Dinner at Troisgros
If there is one restaurant that embodies everything which conspires to make France’s food and wine culture so wonderful—the tradition, the culinary techniques, the longstanding relationships with the winemakers— it must be Troisgros. And if one is looking to enjoy a leisurely summer in Europe eating and drinking as best he can, skipping Troisgros would be a grave mistake indeed.
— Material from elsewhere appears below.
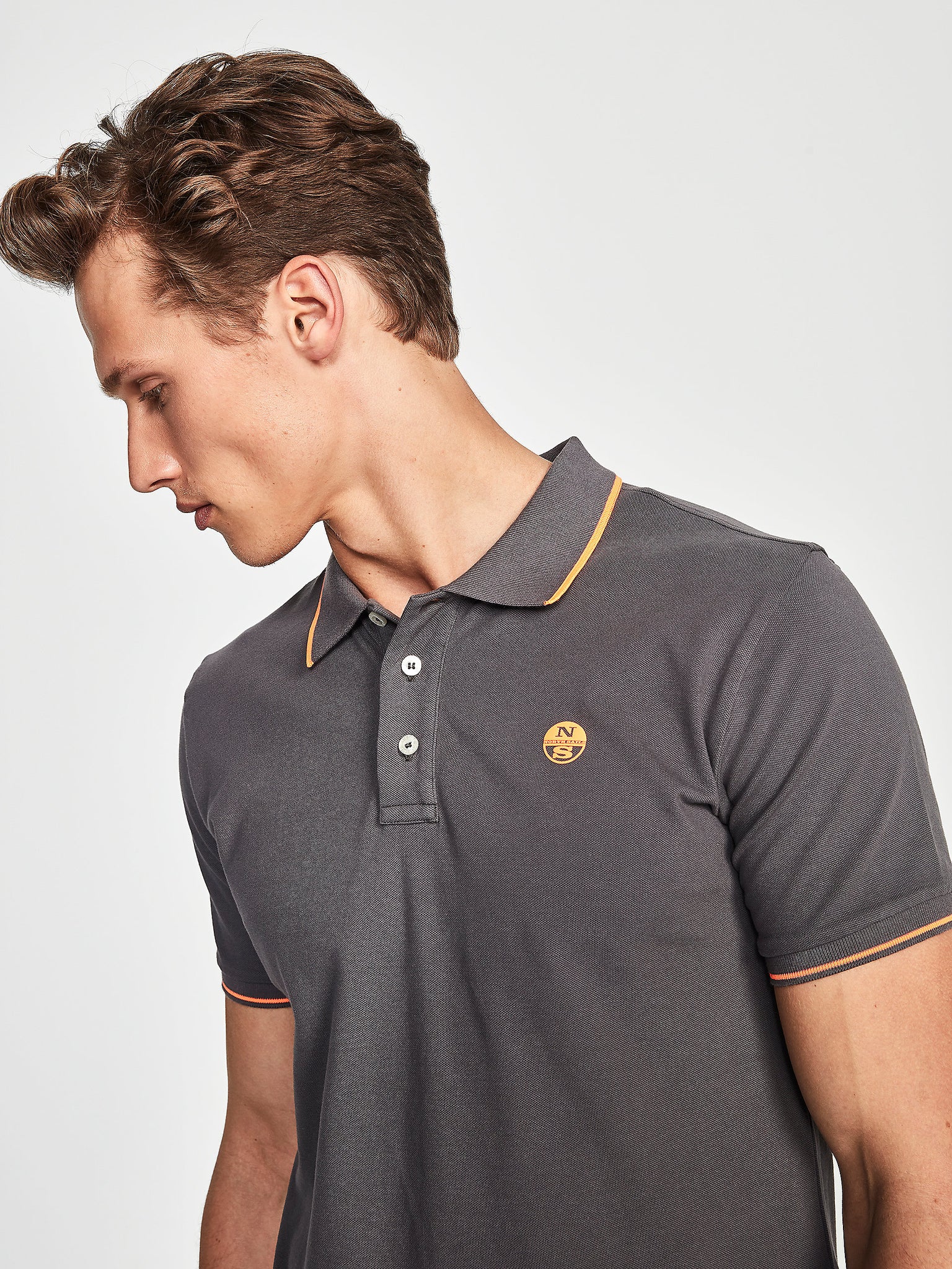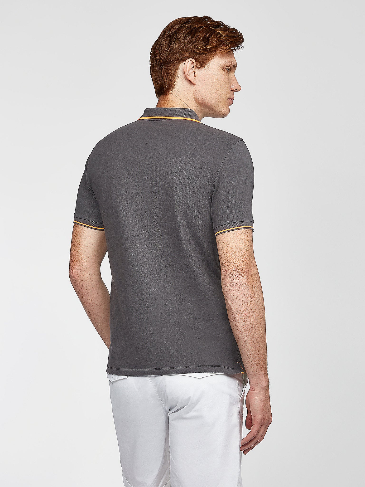 Polo dalla linea slim realizzata in piquet di cotone stretch con maniche corte e patch logo sul petto, spacchetti sul fondo.

The new space is beautiful. The hotel is well done, in the modern French style, and the dining room is excellent—luxuriuos, welcoming, dignified. Hallowed gastronomic ground for sure, and I felt it was only appropriate to drink wines worthy of the circumstance.
The dining room:
The food:
Outstanding overall. A couple of the dishes that were very memorablee were an apple and avocado amuse bouche and a sole with tarragon:
The wines:
1999 Mugnier Amoureusses
More delicate than the 05 Roumier Amoureusses from a few nights earlier, More floral. The nose is dancing back and forth between hinting at a creamier wine or a brighter, crisper one. Both dried fruit and also richer fruit. The palate is supple and mild but so well balanced.
2008 Coche Genevrieres
A big nose of yellow peach, with spice and some oak on the palate. Tropical, creamy, long finish with some mineralogy.
1999 Meo Brulees
Soft but rich on the nose. Tannic, with tea and smoke. Light in the mouth, with sour cherry. A little closed but opened up nicely over an hour or so.
1999 Lefarge Clos de Chenes
Nose of tobacco and mint—fresh and sweet and herbal. Clean palate. Still young. Mild but persistent tannins.
1999 Roumier Bonnes Mares
Lots of mineralogy. Explosive red fruit on the palate. Darker than the other wines. Crisp tannins with a bit of tea. A little earthy, but in a nice way. This really settled in over time. It was a bit awkward at first, but was an absolute force by the end of the evening.
1995 Jayer Beaux Monts
Sweet on the palate. Balanced acid and tannins with a little oak showing. Slightly stewed fruit notes. Tight, long finish. An honor to taste.